US agency broker ITG has launched a new breed of smart trading algorithms, Dynamic Implementation Shortfall, which react to market events and trade accordingly.

It trades opportunistically [[sounds just like good 'quant' and trader gobbledygook[!?!]: normxxx]], enabling fund managers and hedge funds to optimise profitability and lower trading costs [[ri-i-i-ght[!?!]: normxxx]], according to the broker.

Customers choose from a list of performance objectives and the system executes the strategy, generating live trades as markets move. The broker said Dynamic differed from implementation shortfall algorithms, which are static and follow a predetermined trading schedule [[according to EMT, it's just a matter of how fast or slow you want the small gains and large 'crashes' to occur: normxxx]].

The UK’s Financial Services Authority is the first regulator to monitor market abuses using an algorithm.

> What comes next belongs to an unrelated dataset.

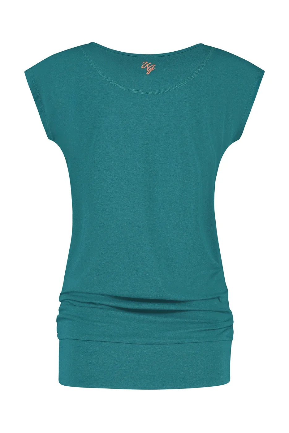 With its relaxed fit and wide waistband, this top stays comfortably in place—whether you’re stretching, twisting, or bending. It offers great coverage for your stomach and lower back. The round neckline and soft color give it a calm, stylish vibe. Perfect for your practice, but just as lovely to wear as an everyday casual tee.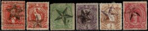 DESCRIÇÃO:GUATEMALA ◉ CARIMBOLOGIA - 6 diferentes selos clássicos (século 19) com carimbo em forma de estrela. Maioria perfeitos....

In June it entered into a partnership with Detica, a technology consulting firm, using Progress Apama’s event-processing platform. The technology will enable the regulator to track possible cases of insider trading by analyzing unusual market trading patterns
    [ Normxxx Here:   now here is where an algorithmic approach can shine, since it is looking for severely biased action. ]
As dependence on algorithmic trading increases, strategies will need to grow up.

Although quant funds were not the only ones to take losses in this summer’s crisis, they have learnt their lessons the hard way [[don't we all[!?!]: normxxx]]. Investors will be hoping that new breeds of algorithms will not repeat mistakes of the past.